The Truth about Arvind Kejriwal
I'm not particularly fond of Arvind Kejriwal, but I have to give the devil his due. For starters, he's got everyone in the nation (corrupt people included) talking passionately about how corruption must be eradicated. I think that's absolutely fantastic, even though I do not approve of Kejriwal's flawed Jan Lokpal Bill or his shockingly dictatorial and undemocratic methods.
Kejriwal has other sterling qualities as well that have gone largely unnoticed, so I'd like to draw your attention to them:
He's a magnificent con man: Way better than some of the brazen characters Leonardo DiCaprio frequently plays on screen. He fooled us beautifully by calling his movement India Against Corruption, when it really should be called India Against Secularism. Some of us suspected this for a long time – and we have to thank the RSS (god bless their bigoted souls) for confirming our worst fears in public.
Along the way we discovered that several people associated with the movement belonged to a group called Friends of the BJP, my my! Eventually, Kejriwal let the cat out of the bag himself by exhorting people not to vote for the Congress in Hisar, since there were so many other delightfully corrupt politicians from other parties to choose from. Pay no heed to Kejriwal's indignant squeaks of protest and denial. If we all had noses like Pinocchio that grew by inches every time we lied, Kejriwal's would be longer than Mount Everest. Though less scenic, mind you.
He deserves full marks for creativity: Instead of getting a cute baby elephant or tiger cub as the mascot for his pan-India movement, he thought out of the box and got a doddering old man. Such a relief to move away from India's predictable Appus and Sheroos to an Anna, isn't it? Even better, Kejriwal declared that his mascot is above the Indian Constitution. Terrific – he's made him so much more magical than a fairy tale character!
He makes Sonia Gandhi look timid: Kejriwal is not a man to be trifled with, make no mistake. First, he forced his mascot to stop eating for days on end to twist the government's already bruised arm. And now that his mascot keeps making embarrassing statements, he's ordered him to stop talking altogether (of course, Kejriwal has made it all fancy and honourable by calling it a maun vrat). And we call our prime minister Mrs Gandhi's puppet? Hah. I would really love to see Kejriwal in a remake of that fabulous Charlie Chaplin film: The Great Dictator. He would fit the hero's role so well, down to his bristly little moustache.
He can spend hours with Kiran Bedi: Anyone who has witnessed Ms Bedi's insanely wild side at Ramlila Ground will understand just how much strength of character it would take to willingly spend even one second with her.

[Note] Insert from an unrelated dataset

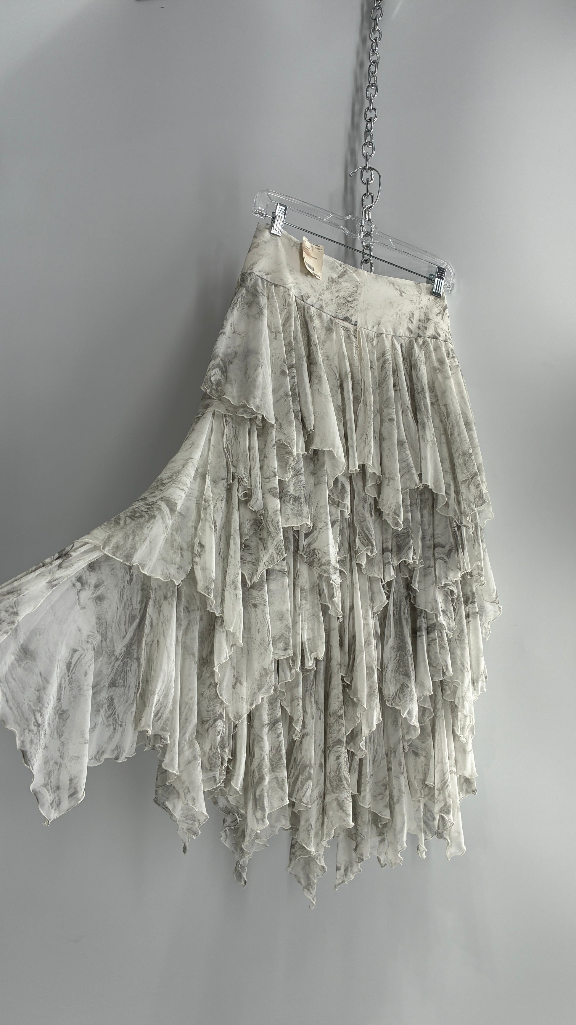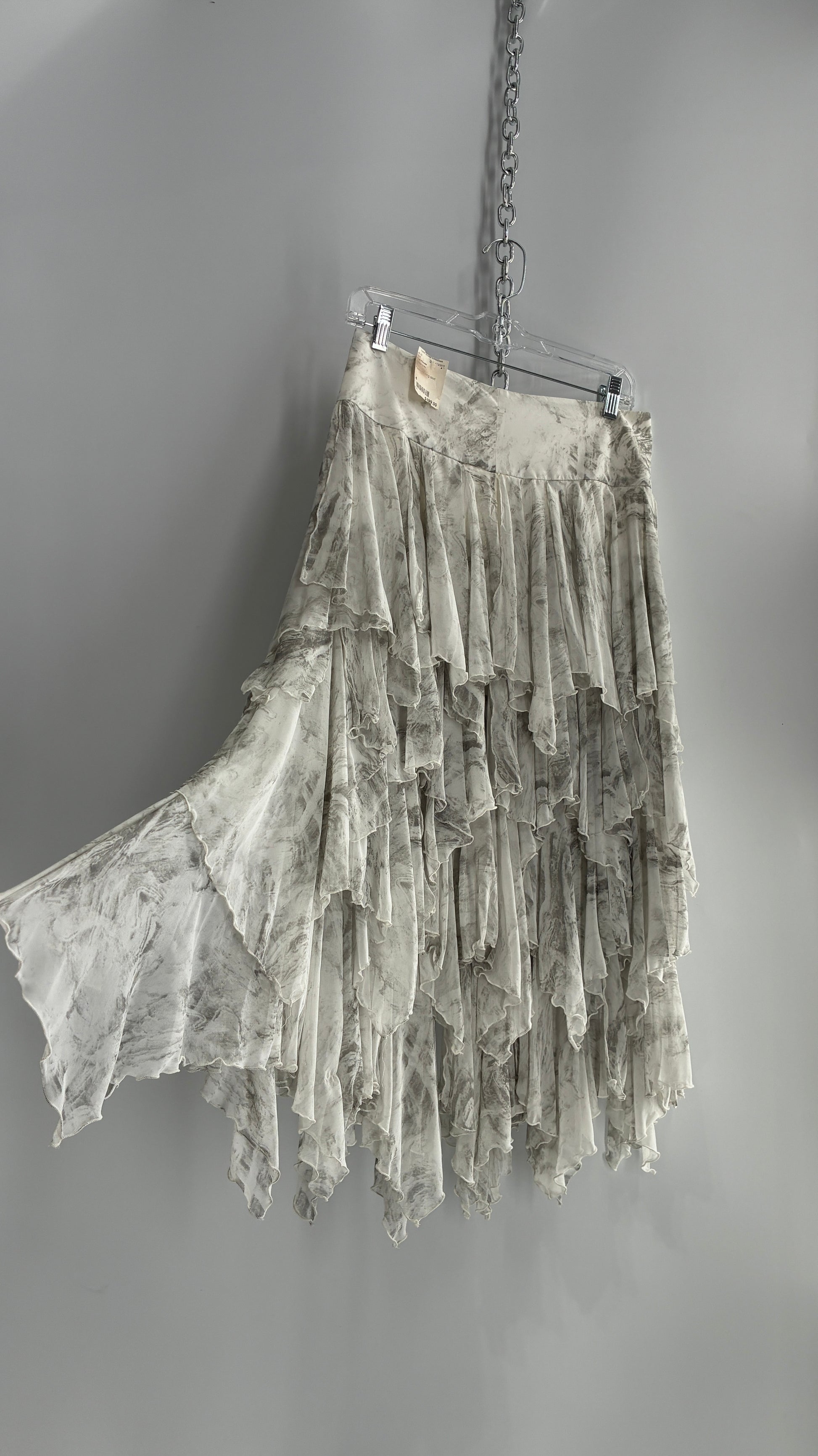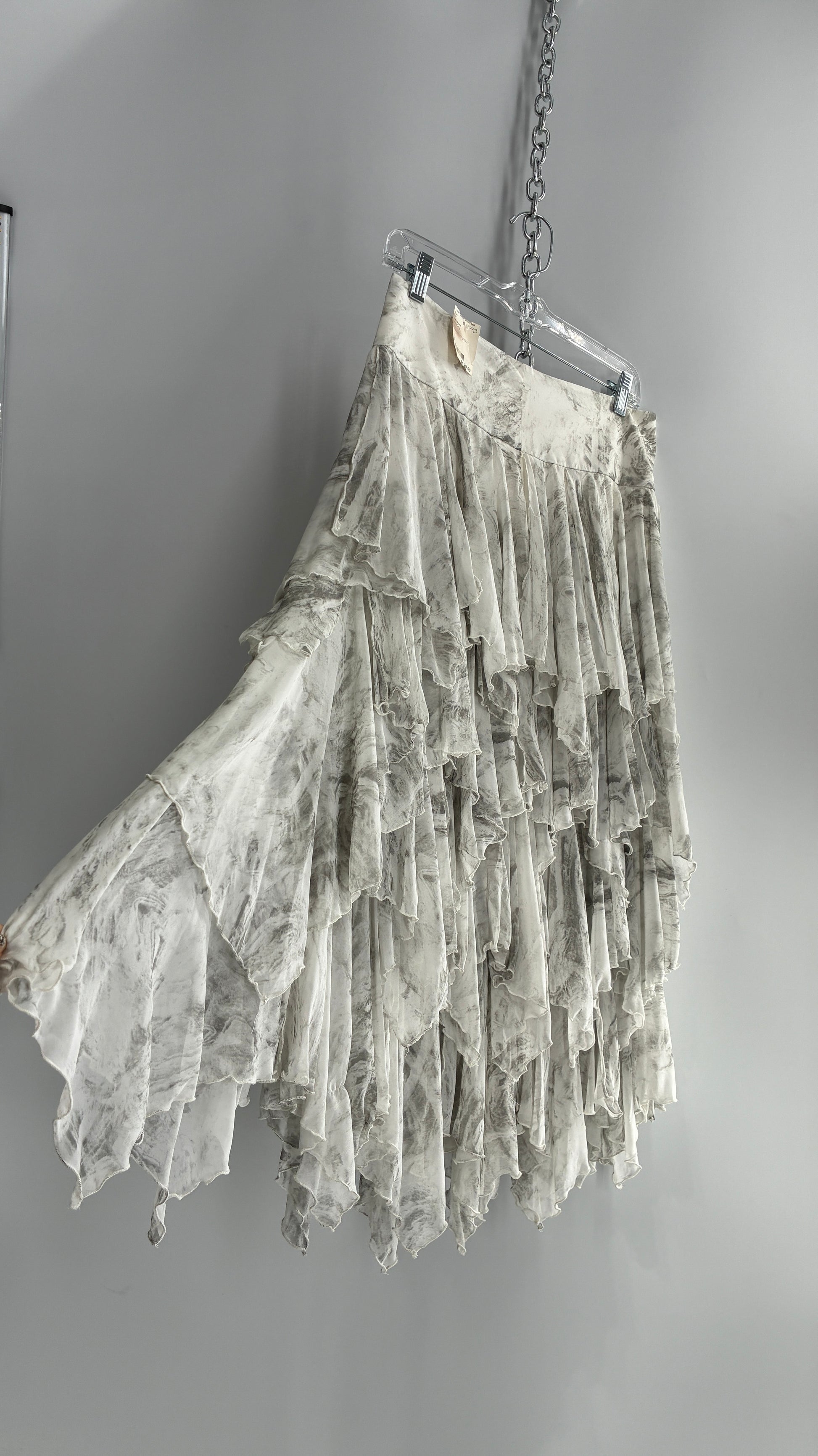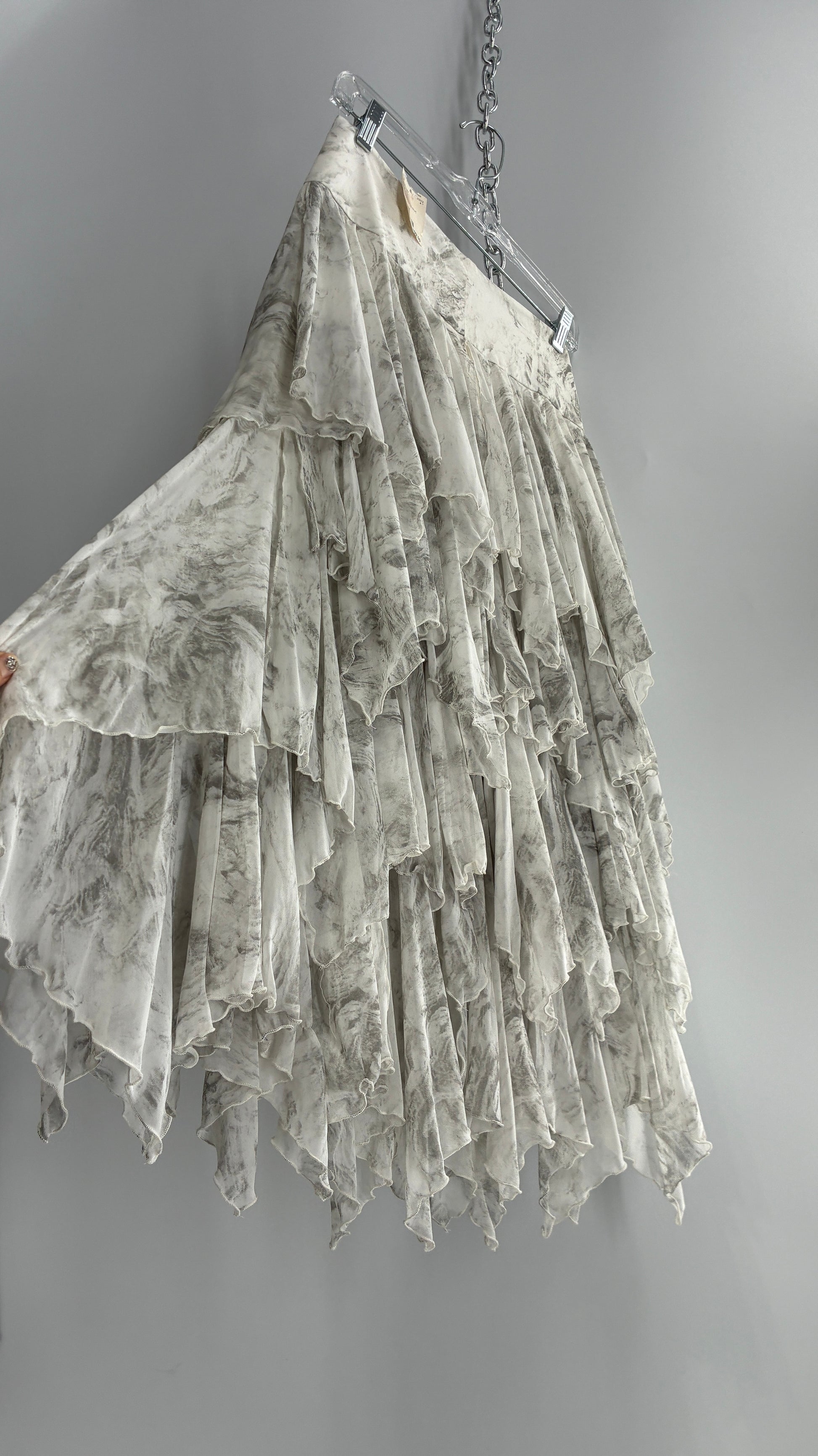 Free People Layered, Tiered Voluminous White and Grey Watercolor Full Skirt with Tags Attached

Gosh, my poor dog whimpers and races out of the room when he sees her on TV these days. What I want to know is, where is that ghoongat Ms Bedi was horsing around with on the Ramlila stage? She needs it desperately, now that details of her grossly inflated airline bills to NGOs have emerged. And she has the cheek to say that she was just being a do-gooder by putting that money in her NGO! Hmm. Pinching money from other do-gooders to make her own NGO better than theirs, huh? Now that's a very interesting lesson in ethics for India's youth.
He is already being treated like a politician: Sure, it was only a humble slipper someone hurled at Kejriwal, and not a sophisticated shoe, but hey – many people dislike him already – that's definitely a move in the right direction!
He can turn Rakhi Sawant into a superstar: Kejriwal's PR skills are amazing. Look how he's got all the major news channels eating out of his hands; okay, we know that most of the news anchors are idiots, but even so. And ever noticed how quickly he reacts to the mood on social networking sites and tries to swing it back to his favour? I'm dead certain that if he handled Rakhi Sawant's career, she would outshine Bollywood A-listers and earn much more than them.
Honestly, someday I'd like to meet Arvind Kejriwal, shake his hand warmly, and tell him what I really think of him.